We boarded the boat and ran out of Lynnhaven early in the morning in search of large ocean run Stripers: 




























We headed South past Fort Story and kept on going : 









We fooled around off Sandbridge for a bit using Mojo's, Stretches, Umbrella's..etc...no takers

There were some reports from friends on the radio that some larger Striped ones were being boated about 38 miles South of Sandbridge, so we made the run all the way past Coravo, Corrolla and ended up off the beach near Duck. Caught a few Doggies and missed a few Stripers as well.
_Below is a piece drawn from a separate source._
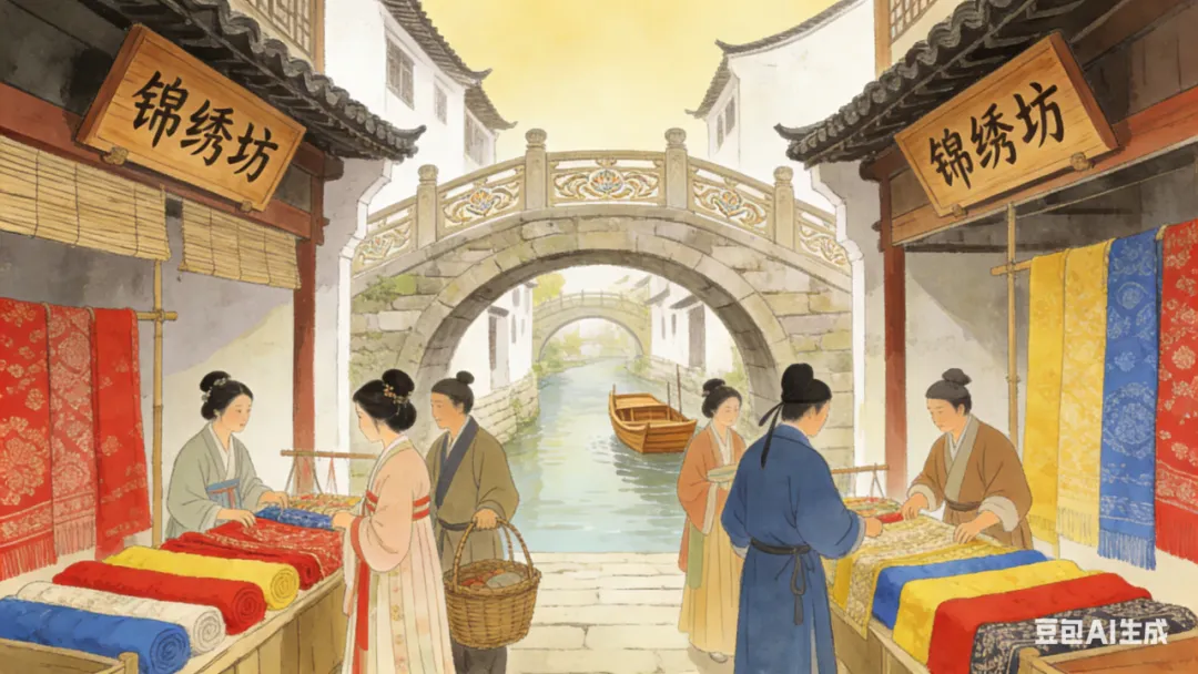 宋灭南唐,金陵改称升州、江宁府,南唐宫城改为州府衙署。南宋建炎三年(1129年),金陵改名建康,定为行都,行宫依宫城旧址而建,东、西锦绣坊成为行宫外围核心街市。《景定建康志》载,此处织锦作坊、绸缎庄、茶坊酒肆鳞次栉比,机杼声昼夜不绝,“锦绣”之名名副其实。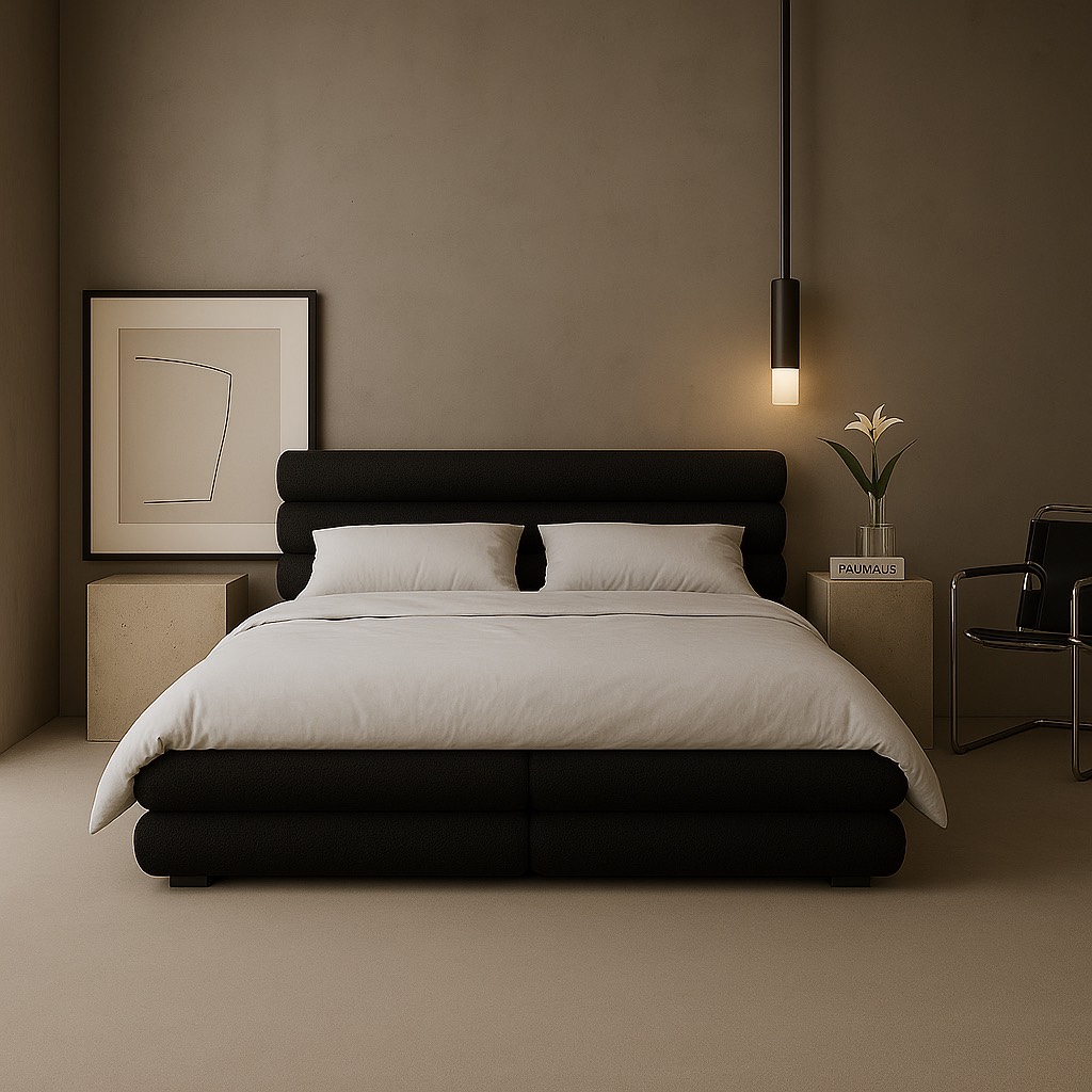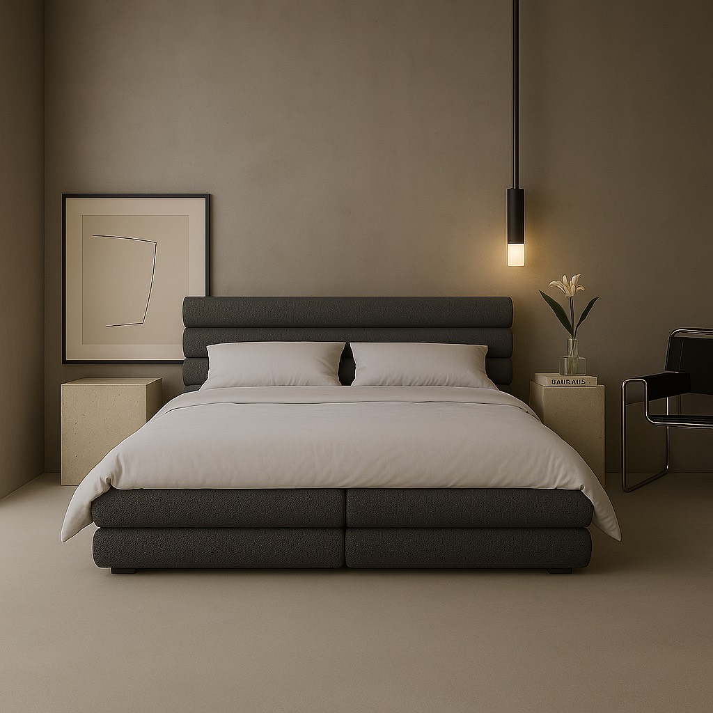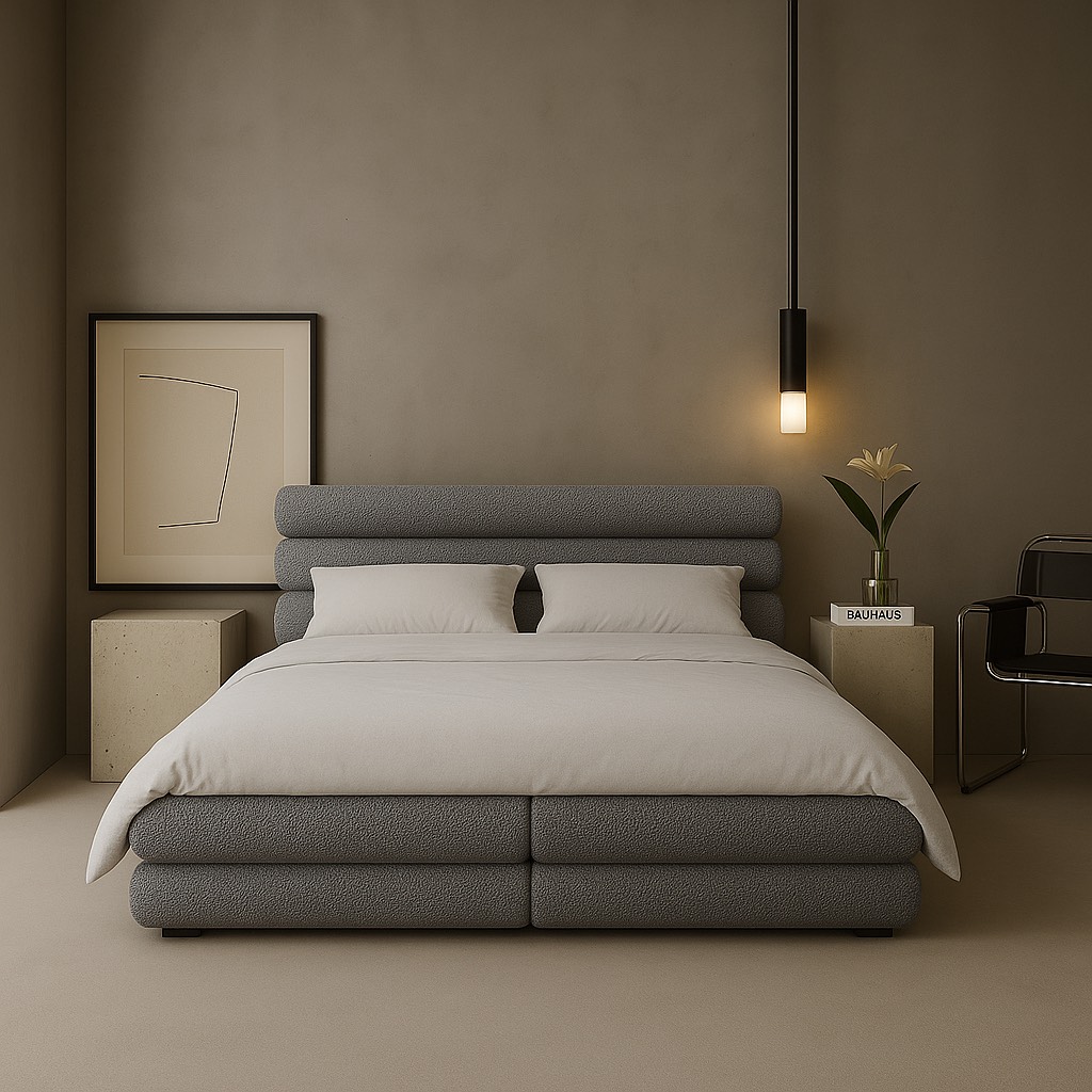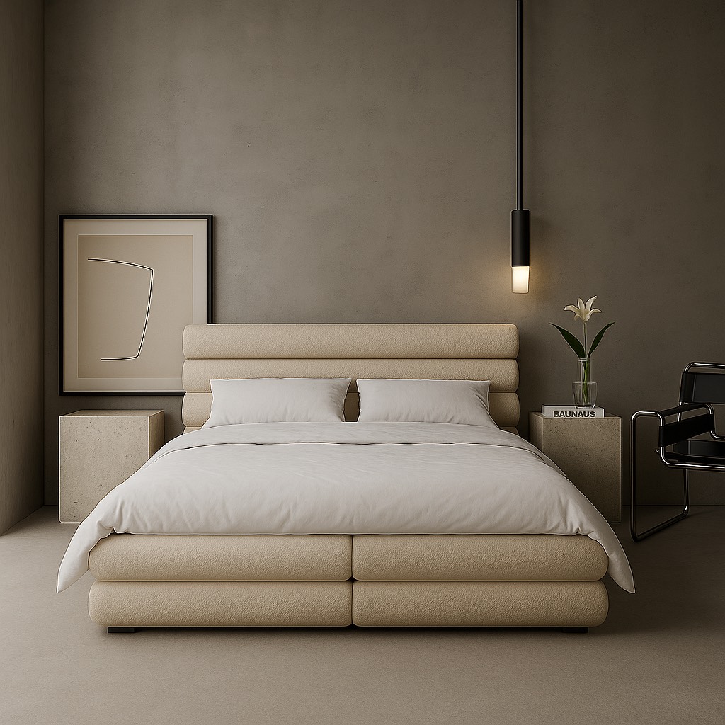 Łóżko, które łączy miękką architekturę z ponadczasowym minimalizmem. Harmonijne proporcje, obłe formy i luksusowa tkanina tworzą przestrzeń, w której ciało naprawdę odpoczywa. Subtelna elegancja, która koi zmysły każdego dnia.

The Skunk started to stink (not me ) and we finally got a really nice one in the boat: 









Weather radar didn't look favorable, so we throttled up and made the 2 1/2 hour run back to Lynnhaven. It was not too productive, but lot's of fun: 










Skunk


----------



## Cdog (Mar 18, 2002)

Nice fish, what did it weigh?


----------



## RuddeDogg (Mar 20, 2004)

*Beauty*

Nice fish. Way to go.


----------



## basstardo (Jun 5, 2006)

Yep. Perty fish. Nice and fat!


----------



## SkunkApe (Dec 9, 2006)

Cdog said:


> Nice fish, what did it weigh?


Not sure, had to split in a hurry after policing the boat upon docking. Just by sight, I'd image 40'ish some lbs.


----------